# [What is being asked]
The required result is an exact copy of every line from the one with "Fig. 1.—Aspectos texturales" through the last line below, with the pictures left out.

[Data entries]
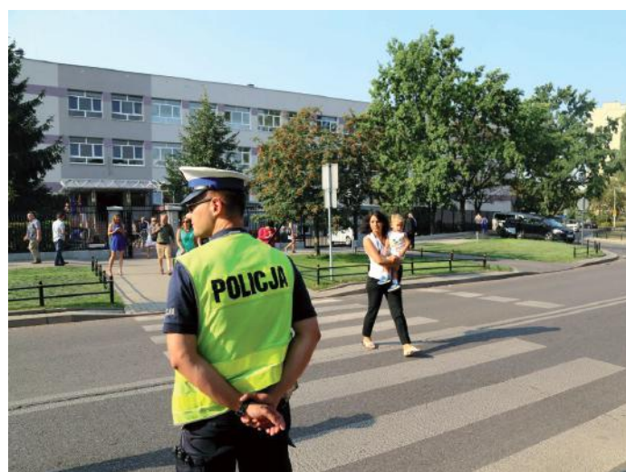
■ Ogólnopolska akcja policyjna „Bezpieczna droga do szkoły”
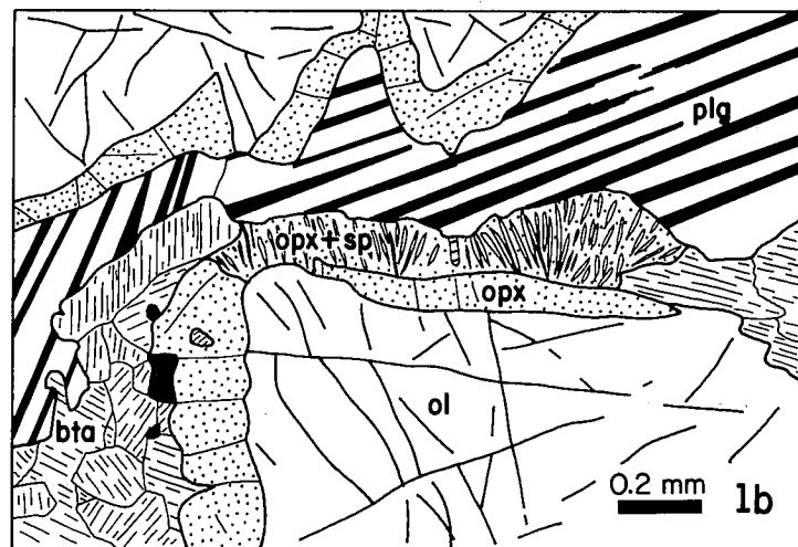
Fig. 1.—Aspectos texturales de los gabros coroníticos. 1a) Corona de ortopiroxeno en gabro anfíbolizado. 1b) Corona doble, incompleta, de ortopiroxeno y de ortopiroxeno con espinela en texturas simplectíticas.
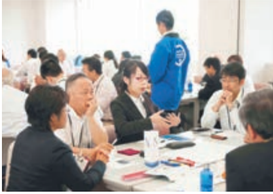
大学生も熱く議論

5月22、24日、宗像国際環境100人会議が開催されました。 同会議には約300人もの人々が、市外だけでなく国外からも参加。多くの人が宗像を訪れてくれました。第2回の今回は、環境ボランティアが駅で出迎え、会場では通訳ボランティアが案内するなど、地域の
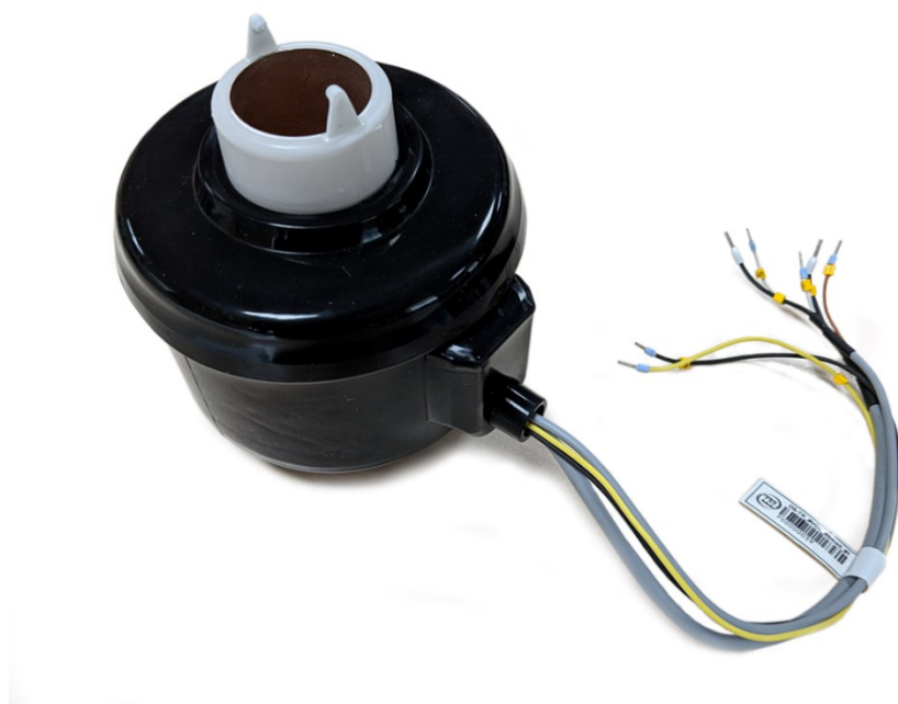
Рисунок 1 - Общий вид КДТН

# [Reply to the exercise]
Fig. 1.—Aspectos texturales de los gabros coroníticos. 1a) Corona de ortopiroxeno en gabro anfíbolizado. 1b) Corona doble, incompleta, de ortopiroxeno y de ortopiroxeno con espinela en texturas simplectíticas.
大学生も熱く議論

5月22、24日、宗像国際環境100人会議が開催されました。 同会議には約300人もの人々が、市外だけでなく国外からも参加。多くの人が宗像を訪れてくれました。第2回の今回は、環境ボランティアが駅で出迎え、会場では通訳ボランティアが案内するなど、地域の
Рисунок 1 - Общий вид КДТН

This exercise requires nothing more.